The Japan Times last month said, attributing TEPCO, that the amount of groundwater pumped up from “subdrain” wells around the reactor buildings averaged 321 tons per day in June—only 31 tons less than May’s daily average. The newspaper also quoted a TEPCO official as saying that it was not technically feasible to keep all groundwater from seeping through the ice wall.

“We are aiming to control the amount of water going into the reactor buildings, with the ice wall and subdrains,” Tomohiko Isogai, a TEPCO official, reportedly told The Japan Times.

A Cold Solution

The 1,500-meter (m)-long “ice wall” encircling Units 1 to 4—which TEPCO calls “land-side impermeable walls”—is actually a barrier of soil that is frozen by a refrigerant flowing from a freezing plant through pipes buried 30 meters underground. It is designed to block groundwater flowing down from nearby mountain ranges from entering the devastated reactor buildings.

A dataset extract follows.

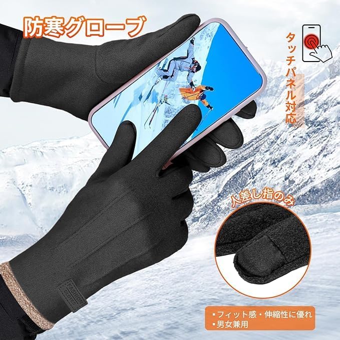 【スマホ操作はそのまま! 素早い反応がうれしい高感度タッチパネル対応】 寒空の下、いちいち手袋を脱ぐ必要はありません。人差し指に採用した高感度導電糸が、スマートフォンのタッチ操作を確実に伝えます。メッセージの送信、写真撮影、地図アプリの操作などが手袋着用のままストレスなく行え、室外での作業や待ち時間を快適にします。
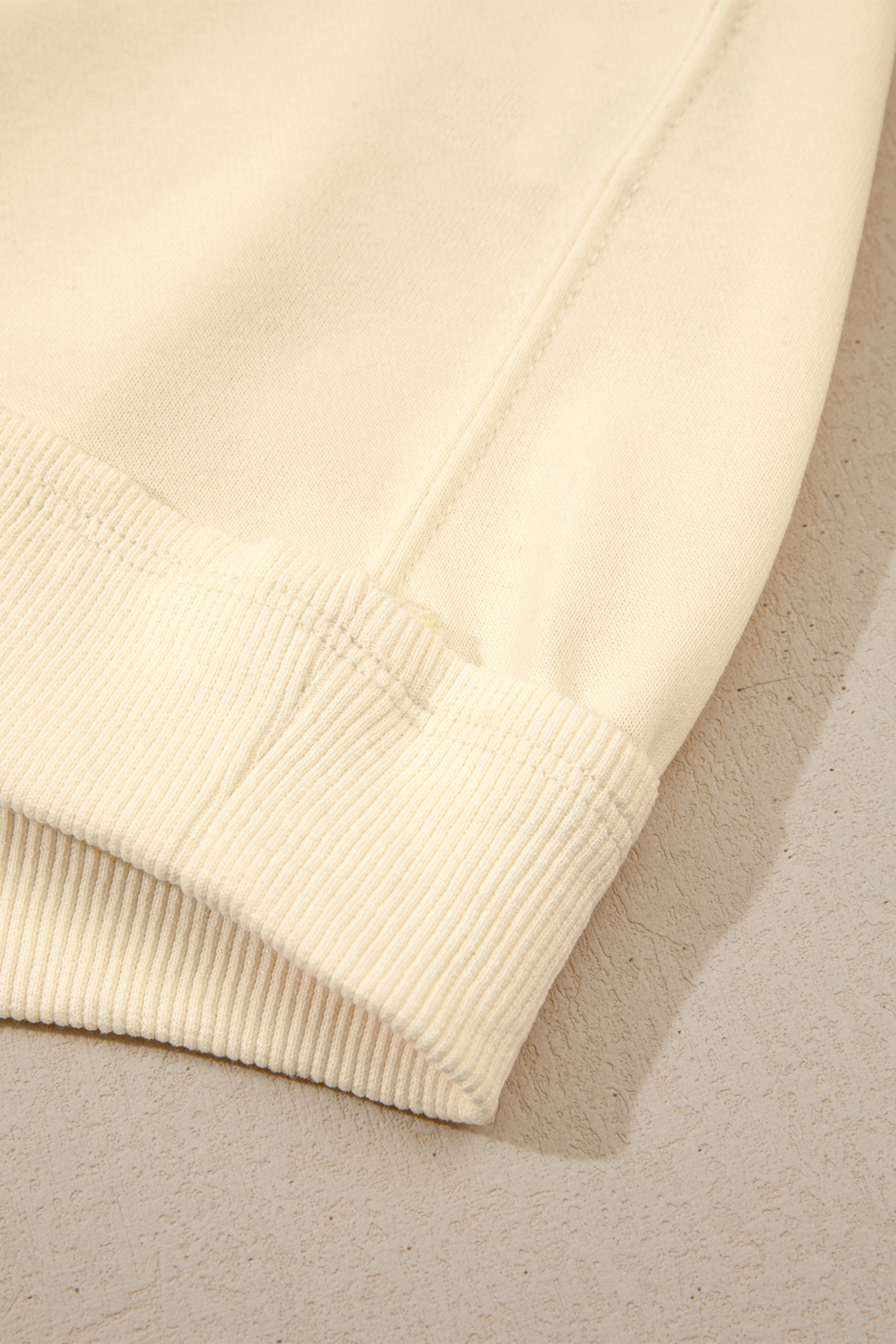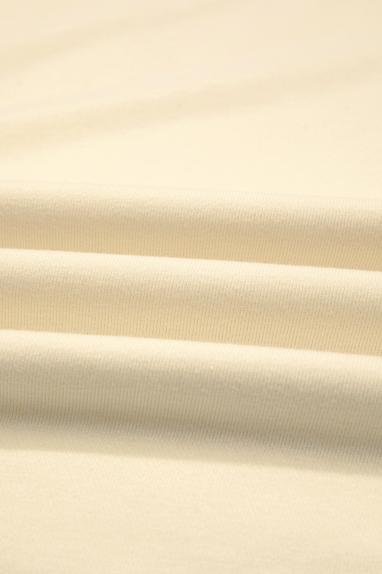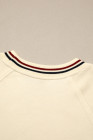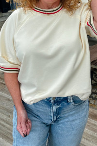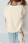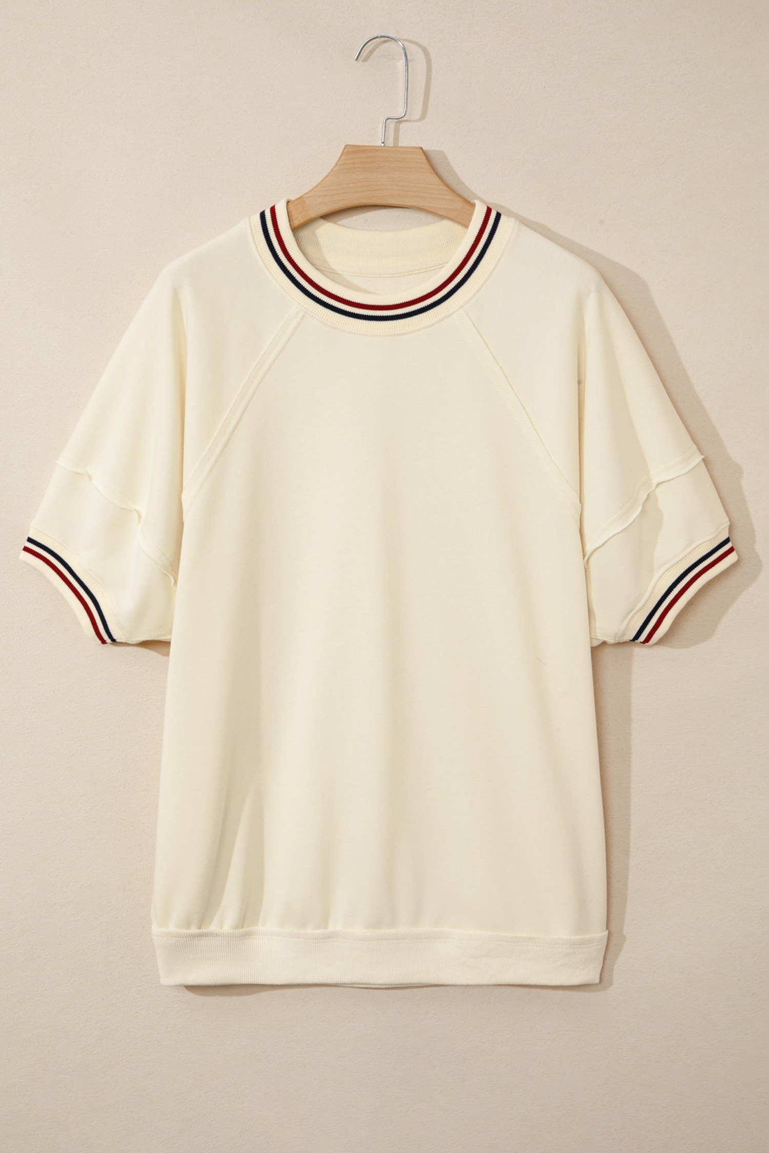 Tunique ample beige à rayures contrastées, col à revers et manches courtes.

TEPCO's ice wall encircles its devastated Fukushima Daichi Units 1 to 4. Courtesy: TEPCO
TEPCO’s ice wall encircles its devastated Fukushima Daichi Units 1 to 4. Courtesy: TEPCO

TEPCO has struggled to contain and treat water flowing into the Daiichi plant since it was devastated by the March 2011 earthquake and tsunami disaster. An estimated 70,000 tons of highly contaminated water remain in the reactor buildings, and about 10,000 tons of contaminated water has collected in underground trenches around the reactors, TEPCO said this August.

The company has outlined a number of countermeasures to prevent accumulating more contaminated water. These include multinuclide removal to eliminate contamination sources. They also entail waterproofing pavements, and pumping up groundwater to prevent more volumes of water from being contaminated.

TEPCO in October 2015 also completed the installation of impermeable walls facing the Pacific Ocean to prevent the flow of contaminated groundwater from the reactors into the sea.

When it proposed the idea, TEPCO anticipated that, compared to a physical barrier, the frozen land-side barrier would avoid the challenges of building a wall around obstacles such as pipes. It would provide a more “seamless” barrier, it said.


Video from TEPCO released in 2014 outlines ambitious plans for the “ice wall.”

Japan’s government funded the ice wall that was built by Japanese construction company Kajima Corp. According to TEPCO, preparatory work for the ice wall began in November 2013, but installation started in June 2014. Preparatory work for freezing was completed for the land-side wall in September 2015, and for the sea-side wall in February 2016. Freezing officially began on March 31, 2016.

“Signs of an Increasing Disparity”

In a July 31 decommissioning progress report, TEPCO said that freezing on the mountain side had been expanded to 95%.

However, it also noted that “the overall temperature is decreasing and signs of an increasing disparity in groundwater levels between the inside and outside of the land-side impermeable walls [had begun] to be identified.”

TEPCO’s progress report also notes that fuel removal from the spent fuel pool at Unit 4 had been completed in 2014. Preparatory work to remove fuel and fuel debris from Units 1 to 3 are ongoing. Fuel removal from Unit 3 is slated to begin in 2017.

Notably, the report says that an average of 5,910 workers are onsite every day to tackle the ongoing disaster.